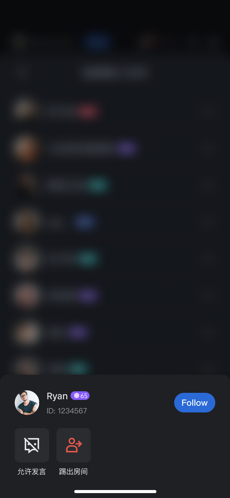 直播间管理: 支持在线用户列表展示,以及直播间内的禁言、踢人等多种管理操作。
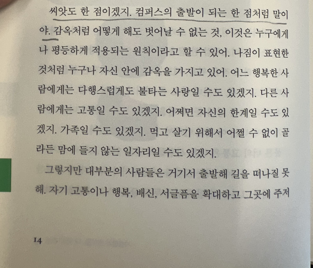 이 부분을 읽다가 그래도 나는 컴퍼스의 한 점을 찍었구나. 여기서부터 확장하자. 라는 생각이 들어 지금 하고 있는 일에 더 애정이 솟았다.
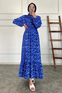 Modalamelif Kır Çiçeği Desenli Elbise Mavi

▶ GOAL OF THE EXERCISE: Please produce an exact copy of the listing, omitting the pictures.

▶ TASK RESPONSE:
 直播间管理: 支持在线用户列表展示,以及直播间内的禁言、踢人等多种管理操作。
 이 부분을 읽다가 그래도 나는 컴퍼스의 한 점을 찍었구나. 여기서부터 확장하자. 라는 생각이 들어 지금 하고 있는 일에 더 애정이 솟았다.
 Modalamelif Kır Çiçeği Desenli Elbise Mavi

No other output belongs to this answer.